Eminent, retired lawyer John Davis, who once served as Assistant Attorney General, has written a short, punchy, accessible guide to help younger men in dating circles or attending college to stay safe from false accusations of rape.
The author makes a point that bears emphasizing over and over that “false accusations of rape are a mirror crime of the crime of rape itself… motivated by rage and a desire to exert harm and power over the victim.” Davis rightly calls for substantial criminal penalties for false accusers, who all too often are female and get treated with kid gloves because of their sex.
In retelling the story of Brian Banks, recently made into an excellent movie that bears watching, the author spells out one of the downsides of our culture’s current imbalance toward female concerns. A high school student fabricated the lie that Banks raped this woman and then she did not want to recant because she feared having to return the $1.5 million her lawsuit had netted her family. So Banks missed the chance for a lucrative and illustrious professional football career. Now the Indian government has effectively started rewarding rape accusations without any evident investigation of the claims prior to the payment.
Davis shows us how the basic bedrock of our legal system, the presumption of innocence, has been turned on its head in the rush to criminalize even healthy, mutually agreed examples of male sexuality. Some provocative ties are made to the Ku Klux Klan and to the benefits to women back in those days of lynching black males for asserted sexual misconduct with white women that all too often had absolutely no basis in fact. Shockingly, it is more common for women to make false rape accusations than to be in fact raped.

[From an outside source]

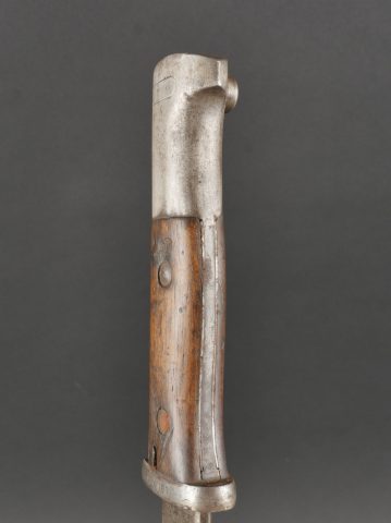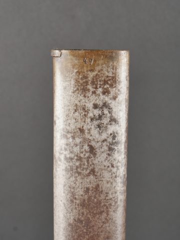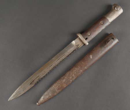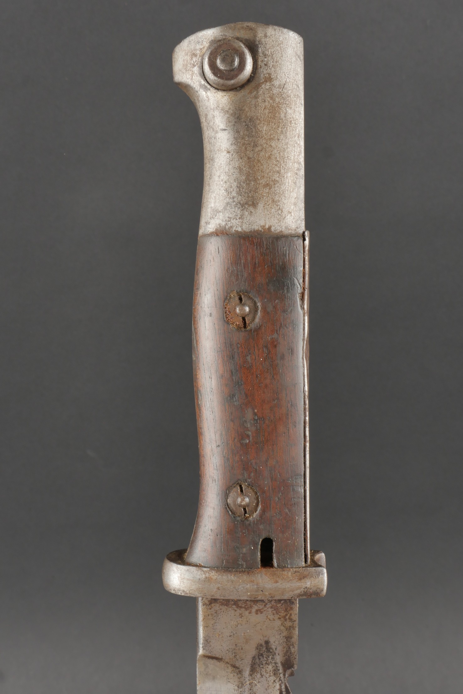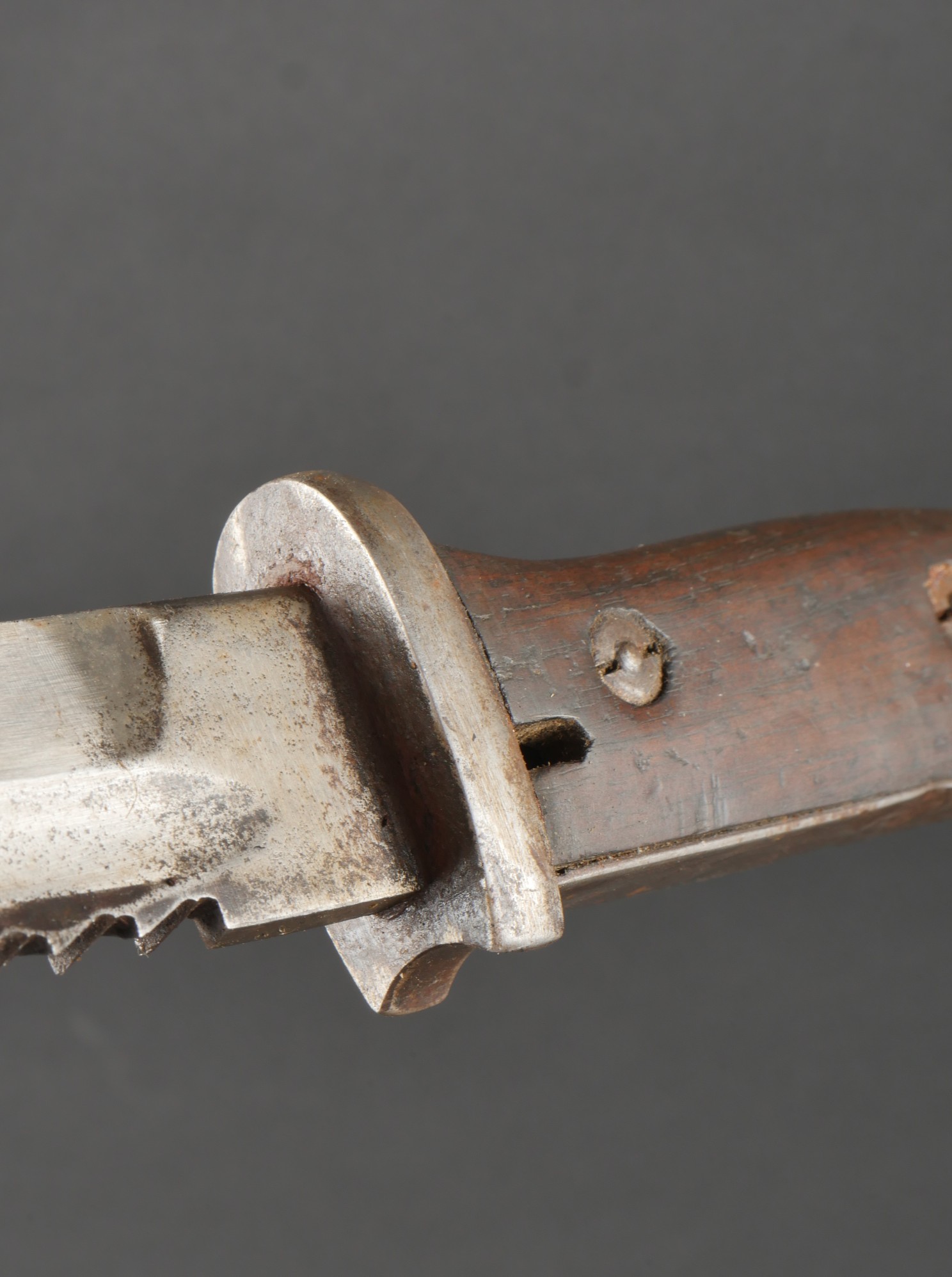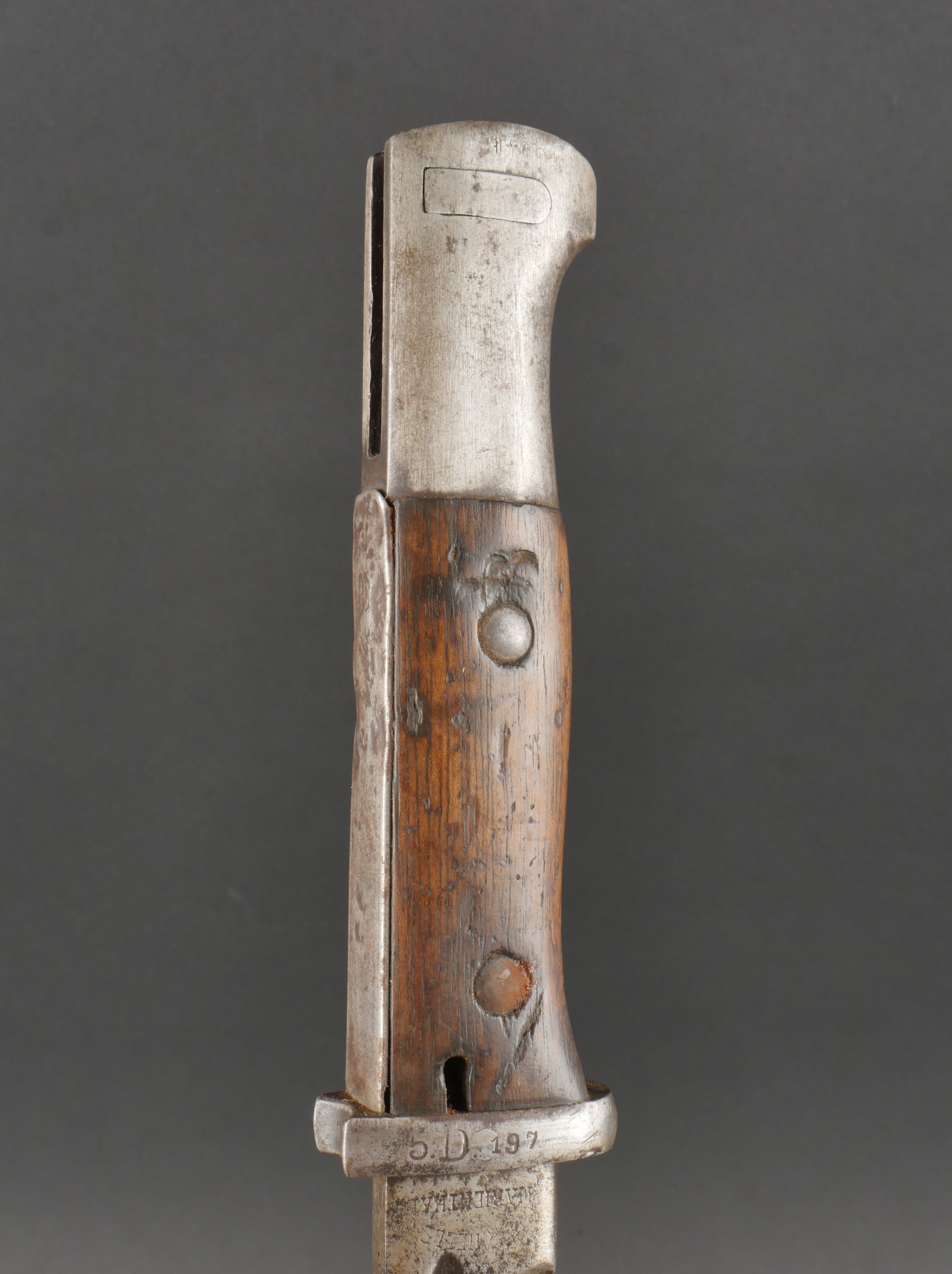 Baïonnette allemande 84-98 2nd type à dents de scie régimentée. Baïonnette 2nd type avec pare flamme, lame à gouttières arrondies du fabricant GEBR HELLER MARIENTHAL et datée 1916 avec dents de scie. Usure. Plaquettes en bois, lisses, bouton poussoir fonctionnel. Croisière marquée 5.D.197, très probablement pour 5e régiment de Dragons. Fourreau fer avec chiffre 47 frappé au dos près de la cuvette. Oxydation superficielle. German 84/98 Second Type Sawback Bayonet (Regimental Marked) Second-type bayonet with flashguard and rounded fullers, made by “Gebr. Heller, Marienthal,” dated 1916. Sawback blade, wooden grips, functional press stud. Crossguard marked “5.D.197,” likely for 5th Dragoon Regiment. Iron scabbard stamped “47” near the throat. Light oxidation.

Useful tips are offered such as advice to save all emails, text messages, voicemails, etc., and a recommendation to tape record or video record sexual encounters. Even if the recording was unlawful without notice to the other party, the false accusation victim may be able to get it into evidence under a “lesser evil” principle.
Davis expends a considerably percentage of the book in reproducing extended excerpts from an actual Maryland Supreme Court opinion in which the state supreme court affirmed the man’s conviction for rape. Reading it conveys the utter innocence of the man, the consensual nature of the sex, the level of fabrication of the false accusation, and the unfairness of the legal system.
I cannot entirely agree with Davis’ views advising against any sort of involvement with a rape survivor. Without going into too many details, in my own life, I have dated more than one woman with such a history, and I did not suffer any negative impact from the ones with whom I was involved.
I am not sure where Davis obtained his basis for saying the majority of women have rape fantasies, but again based on personal experience, I can definitely say that a significant percentage of them do.
Informed consent laws and their criminalization of ordinary dating behavior is usefully explored.
Davis ends his short but trenchant book with seven invaluable rules for men seeking to avoid false accusations. Highly recommended.